There are three elements to a Federal Priority Statute claim:

(1) A fiduciary of the debtor or the debtor’s Estate transferred assets of the debtor or the Estate;
(2) At the time of the transfer, the debtor or the Estate was insolvent or was rendered insolvent by the transfer; and
(3) Before making the transfer, the fiduciary knew of a debt due the United States, or had notice of facts that would lead a reasonably prudent person to inquire as to the existence of such a debt.[7]

See United States v. Renda, 709 F.3d 472, 480-81 (5th Cir. 2013); Coppola, 85 F.3d at 1020. The statute is to be liberally construed. Bramwell v. U.S. Fid. & Guar. Co., 269 U.S. 483, 487 (1926) (internal quotation and citation omitted). It is McNicol’s burden to show that these elements are not met. Id. (internal quotation and citation omitted).

There is no genuine dispute that McNicol violated the Federal Priority Statute. As established above, she effectuated the asset transfer. Docket ## 15-8, 15-9. IRS Technical Services Advisor Mary Bishop stated that the estate was insolvent at the time of the transfers or rendered insolvent by them. Id. # 15-1 at ¶ 16. And McNicol acknowledged in her deposition testimony that she knew of the outstanding debt at the time of the transfer. Id. # 15-6 at 82-84. The three elements are satisfied.

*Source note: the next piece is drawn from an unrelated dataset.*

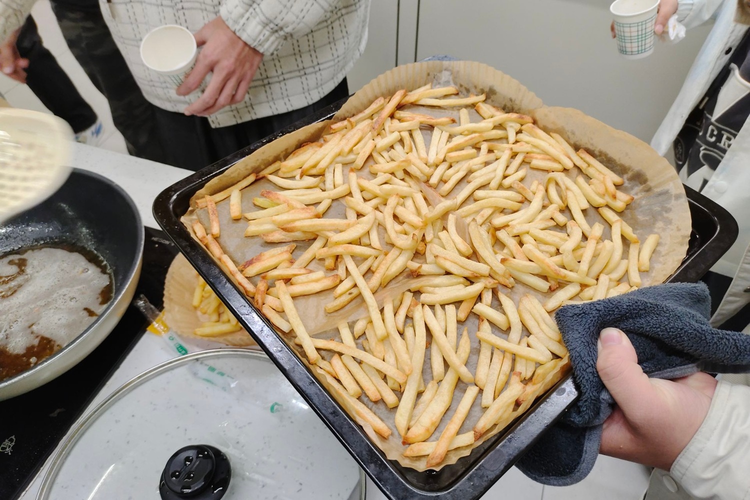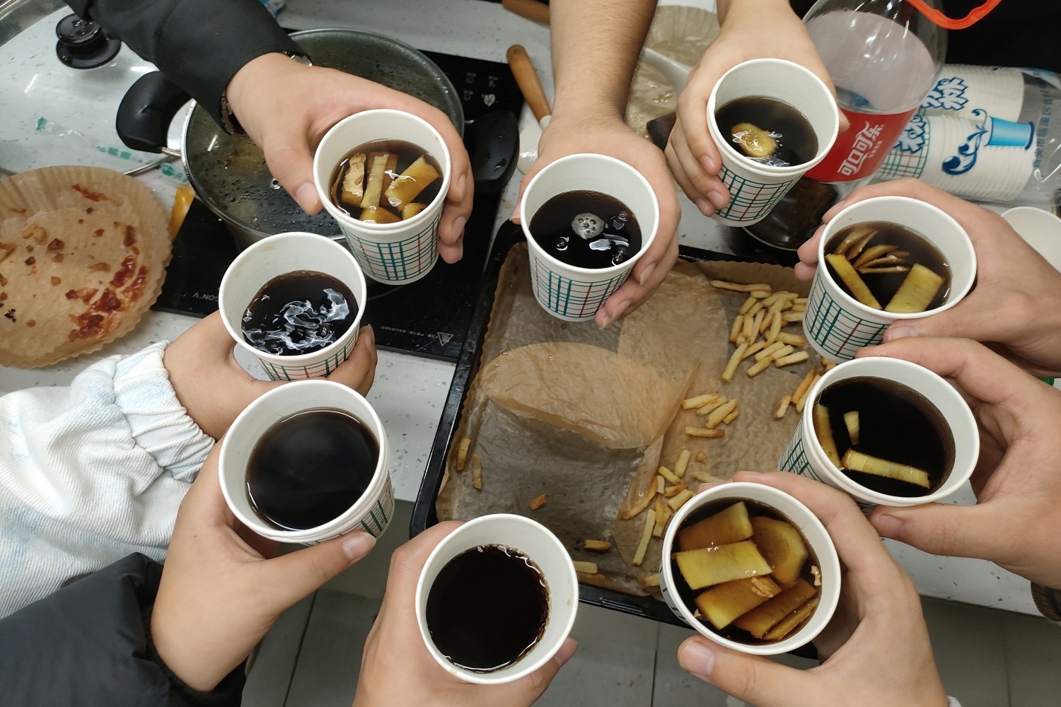 同学们捧着热乎的姜丝可乐杯,手里拿着炸鸡薯条,围坐在一起。有人说:“没想到姜丝可乐和炸鸡这么搭,暖的甜的脆的混在一起,像穿越到了不同的美食时空!”贾老师看着大家吃得满脸笑意,也拿起一根薯条:“美食最能拉近心的距离,咱们这既是解馋,也是给忙碌的学习添点暖。”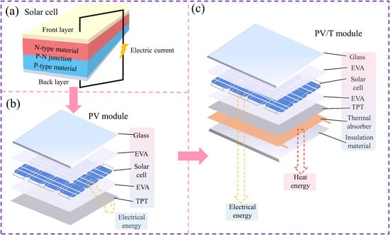 Typical structure of (a) solar cell, (b) photovoltaic module, and (c) photovoltaic–thermal module [8].

McNicol does not contest the elements, but instead argues that family allowances and funeral and administrative expenses take priority over plaintiff’s claim. The trouble with this argument, however, is that the statute penalizes the transfer of the assets. Had McNicol left the assets in the estate and paid family allowances and expenses therefrom, this might be a different case.[8] But that did not happen. McNicol transferred the shares of stock to herself, and at that moment, she violated the statute. Summary judgment is proper on Count 2.[9]

IV. Conclusion

Plaintiff’s cross-motion for summary judgment (Docket # 14) is ALLOWED. Defendants’ cross-motion for summary judgment (Docket # 17) is DENIED. By September 25, 2014, the parties shall jointly submit a proposed judgment setting forth the total amount payable by McNicol individually on Count 2, and the total amount payable by the estate and McNicol as executrix, inclusive of interest to that date, on Count 1.